From: Karl Denninger <karl_at_denninger.net>
Date: Sun, 24 Aug 2025 02:12:32 UTC
On 8/23/2025 9:31 PM, R Tyler Croy wrote:
> (replies inline)
>
>
> On Saturday, August 23rd, 2025 at 6:24 PM, Karl Denninger<karl@denninger.net> wrote:
>
>> What physical hardware is on that driver?
>>
>> I have a box here with two ix interfaces in it that is my edge router and beat the SNOT out of it without problems.
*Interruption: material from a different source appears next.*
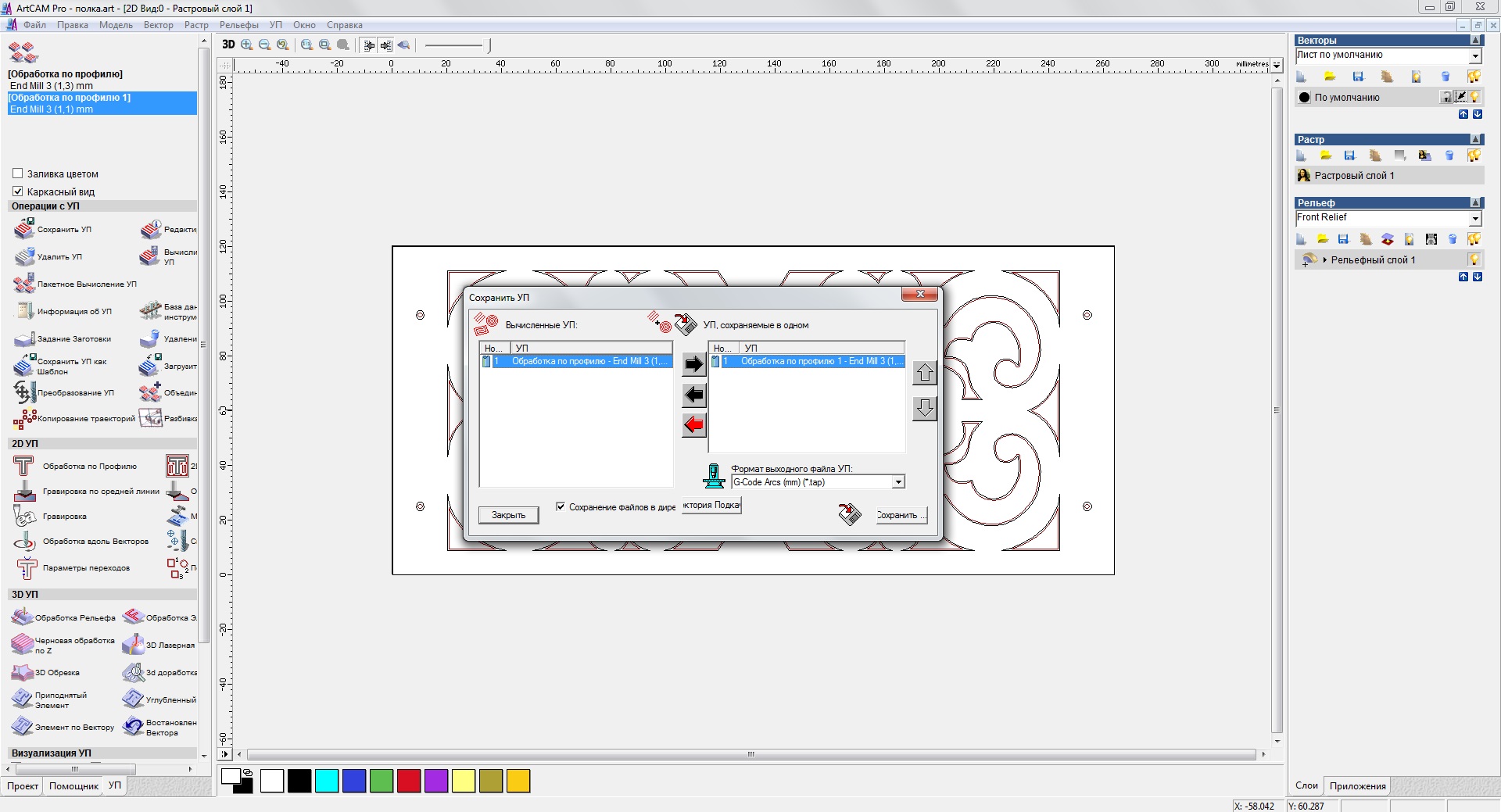 Имею такую картинку. Постпроцессор - G-code Arcs (mm)

This is what the boot messages are for them in my machine here:
> These are both identical 10GigE NICs, from dmesg
>
> ix0: <Intel(R) X540-AT2> mem 0xe0400000-0xe05fffff,0xe0600000-0xe0603fff irq 18 at device 0.0 on pci1
> ix0: Using 2048 TX descriptors and 2048 RX descriptors
> ix0: Using 2 RX queues 2 TX queues
> ix0: Using MSI-X interrupts with 3 vectors
> ix0: allocated for 2 queues
> ix0: allocated for 2 rx queues
> ix0: Ethernet address: a0:36:9f:38:44:a8
> ix0: PCI Express Bus: Speed 5.0GT/s Width x8
> ix0: fw 4.2.0 nvm 4.03.0 eTrack 0x8000037c
> ix0: netmap queues/slots: TX 2/2048, RX 2/2048
>
>
> System: FreeBSD 14.2-RELEASE-p4
>
> When I was chasing that arpresolve warning I saw in the console, I did see some discussion like this (https://be-virtual.net/pfsense-arpresolve-cant-allocate-llinfo-for-x-x-x-x-on-emx/) about funky routers on the other end of the link causing trouble. Since this is a newer fiber rollout from my local ISP (Sonic) I wouldn't be surprised if there was something funky happening there. Since the LAN-side routing goes haywire, I'm thinking that's a red herring.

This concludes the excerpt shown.